Санитар остановился.

— Вам не придется привозить сюда женщину, — сказал он, приподнимая край простыни, покрывавшей лицо.

В награду за мою готовность помочь бедному человеку, у меня в памяти до сих пор осталось выражение облегчения, которое лежало на мертвом лице. Он ушел в радостном предвкушении встречи, которая должна была состояться.

Я накрыл лицо, и санитар увез тело.

Несколько месяцев спустя я сидел в комнате большой военной больницы в квартале Татавла в Константинополе. На скамье у стены напротив меня сидело несколько человек в турецкой форме. Они были слепы. Некоторые из них потеряли глаза в рукопашном бою, большинство же лишились зрения в столкновениях с ручными гранатами.

Доктор Эйссен, врач-окулист больницы, собирался подобрать этим людям стеклянные глаза. В аккуратном маленьком футляре на столе лежали глаза всех цветов, большинство из них коричневатых оттенков, несколько были голубыми.

Один из турок был блондином — возможно, сын грека или черкеса.

— Эти штуки, конечно, ничем не помогают, — сказал доктор Эйссен, кладя пару голубых глаз на ложку и опуская их в кипящую воду для стерилизации. — Но они смягчают шок для семьи, когда человек возвращается домой.

— Бедные дьяволы! Я всех их лечил. Они как кучка детей. Сегодня они отправляются домой. Их выписали.

— Что ж, они едут домой. У некоторых есть жены и дети, которых они больше никогда не увидят — иждивенцы, которых они больше не могут содержать. Некоторым повезло больше. У них никого нет. Тот, кто должен получить эти голубые глаза, раньше был ткачом шелка в Бруссе. Он достаточно оптимистичен, чтобы думать, что все еще может ткать. Может быть, и сможет. Думаю, это будет зависеть от его пальцев. Часто требуется больше мужества, чтобы жить после битвы, чем во время нее.
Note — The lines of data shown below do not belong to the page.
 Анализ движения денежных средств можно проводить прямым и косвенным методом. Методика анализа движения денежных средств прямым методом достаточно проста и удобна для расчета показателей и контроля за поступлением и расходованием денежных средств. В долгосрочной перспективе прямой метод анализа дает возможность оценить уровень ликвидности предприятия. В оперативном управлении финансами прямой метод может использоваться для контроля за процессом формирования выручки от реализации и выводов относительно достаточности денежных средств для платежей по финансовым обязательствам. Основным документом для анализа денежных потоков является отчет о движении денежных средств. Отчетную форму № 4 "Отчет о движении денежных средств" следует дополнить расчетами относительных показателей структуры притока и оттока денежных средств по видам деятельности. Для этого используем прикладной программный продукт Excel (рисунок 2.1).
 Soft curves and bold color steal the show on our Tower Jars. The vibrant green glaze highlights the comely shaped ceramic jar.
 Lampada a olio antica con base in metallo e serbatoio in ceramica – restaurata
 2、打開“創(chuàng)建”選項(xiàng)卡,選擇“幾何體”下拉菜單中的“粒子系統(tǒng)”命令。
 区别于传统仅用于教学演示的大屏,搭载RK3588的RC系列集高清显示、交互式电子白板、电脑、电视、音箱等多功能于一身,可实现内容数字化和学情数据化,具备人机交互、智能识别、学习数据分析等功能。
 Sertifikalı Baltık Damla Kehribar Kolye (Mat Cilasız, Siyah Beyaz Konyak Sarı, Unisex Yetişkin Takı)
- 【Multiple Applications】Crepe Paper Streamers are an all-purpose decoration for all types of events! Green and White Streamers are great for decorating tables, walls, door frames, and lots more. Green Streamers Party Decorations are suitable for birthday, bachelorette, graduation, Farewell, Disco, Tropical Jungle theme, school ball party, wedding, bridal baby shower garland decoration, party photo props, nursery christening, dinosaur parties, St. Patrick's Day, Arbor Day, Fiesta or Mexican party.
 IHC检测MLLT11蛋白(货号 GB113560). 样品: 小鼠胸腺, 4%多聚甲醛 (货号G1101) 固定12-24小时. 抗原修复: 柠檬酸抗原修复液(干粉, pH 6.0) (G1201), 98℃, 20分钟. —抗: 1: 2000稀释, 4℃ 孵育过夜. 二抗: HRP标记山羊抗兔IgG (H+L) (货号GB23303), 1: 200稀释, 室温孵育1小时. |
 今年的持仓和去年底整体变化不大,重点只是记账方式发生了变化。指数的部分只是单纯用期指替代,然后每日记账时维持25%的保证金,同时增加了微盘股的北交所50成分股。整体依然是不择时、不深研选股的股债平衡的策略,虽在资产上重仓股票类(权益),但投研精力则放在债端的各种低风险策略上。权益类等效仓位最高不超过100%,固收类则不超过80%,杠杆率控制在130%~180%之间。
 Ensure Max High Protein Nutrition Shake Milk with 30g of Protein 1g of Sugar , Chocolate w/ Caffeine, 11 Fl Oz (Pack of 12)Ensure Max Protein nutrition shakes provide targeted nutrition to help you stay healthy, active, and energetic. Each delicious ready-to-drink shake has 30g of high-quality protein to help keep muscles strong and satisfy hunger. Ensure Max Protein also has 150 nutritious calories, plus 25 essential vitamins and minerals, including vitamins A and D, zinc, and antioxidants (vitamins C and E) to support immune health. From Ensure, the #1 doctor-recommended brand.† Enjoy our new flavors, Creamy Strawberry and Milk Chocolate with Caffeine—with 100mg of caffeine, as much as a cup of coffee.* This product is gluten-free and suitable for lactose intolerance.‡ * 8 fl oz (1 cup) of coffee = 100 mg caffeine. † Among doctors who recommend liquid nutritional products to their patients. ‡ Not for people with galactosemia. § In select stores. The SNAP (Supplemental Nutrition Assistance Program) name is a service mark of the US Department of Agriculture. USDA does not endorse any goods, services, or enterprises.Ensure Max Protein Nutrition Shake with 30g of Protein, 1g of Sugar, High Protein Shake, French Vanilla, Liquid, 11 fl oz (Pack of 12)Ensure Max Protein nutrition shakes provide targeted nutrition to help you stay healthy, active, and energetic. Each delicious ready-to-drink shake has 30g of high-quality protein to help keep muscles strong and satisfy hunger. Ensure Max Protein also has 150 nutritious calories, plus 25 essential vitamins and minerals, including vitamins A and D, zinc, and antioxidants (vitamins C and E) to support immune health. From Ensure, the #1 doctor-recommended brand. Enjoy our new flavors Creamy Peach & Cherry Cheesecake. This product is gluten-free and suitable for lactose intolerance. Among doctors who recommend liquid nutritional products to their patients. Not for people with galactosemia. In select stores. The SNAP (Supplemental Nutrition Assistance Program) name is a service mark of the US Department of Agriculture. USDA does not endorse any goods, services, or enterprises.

Дорогое правительство не предоставляло стеклянные глаза. Доктор Эйссен снабжал ими сам, и все же дорогое правительство настаивало на том, чтобы на каждый подаренный им глаз составлялся отчет. Пути бюрократии причудливы во всем мире.

— И когда слепые возвращаются домой, родственники немного плачут и радуются, что хотя бы такая часть человека вернулась к ним.

В коридоре ждала турецкая женщина. Ее сын был одним из тех, кому доктор Эйссен как раз подбирал глаза. Когда он закончил с этим, он позвал женщину. Молодой слепой asker поднялся в окружающей его тьме.

Из этой тьмы вскоре возникли объятия двух рук и всхлип:

— Kusum! («Мой ягненок!»).

На мгновение женщина уставилась в искусственные глаза. Это были не те, что она дала своему мальчику. Они были стеклянными, неподвижными. Она закрыла свои глаза, а затем заплакала на широкой груди сына. Сын, радуясь, что его walideh снова рядом с ним, обнаружил, что ему легче быть сильнее из них двоих. Он поцеловал мать, а затем погладил волосы под шапочкой яшмака.

Когда доктора поблагодарили, мать увела своего мальчика.

Слепых нищих в Константинополе не обижают. Существует правило, что им никогда нельзя отказывать в милостыне. Минимум, что им можно дать, — это слова:

— Inayet ola! («Бог позаботится о тебе!»).

Вскоре после этого я сидел на бойне в заливе Сувла, причем конкретное место, о котором идет речь, было известно как Киретч-Тепе — Меловая гора.

Сэр Ян Гамильтон только что бросил в обширный амфитеатр к востоку от залива около двухсот тысяч человек, многие из которых были необученными войсками армий Китченера.

Около трех тысяч из этих людей остались лежать мертвыми на склонах холма. Как обычно, кто-то на Галлиполи совершил ошибку, и ошибку серьезную. За несколько дней до этого я видел, как британская дивизия съела сама себя в тщетных атаках против турецкой позиции к западу от Кючюк-Анафарты. Зрелище было славным, но при этом очень глупым. Четыре раза британцы штурмовали окопы турок, и каждый раз их отбрасывали назад. Когда генерал Стопфорд наконец решил, что это глупость, он отменил атаку. Дивизию он отозвать не смог, потому что ее больше не существовало.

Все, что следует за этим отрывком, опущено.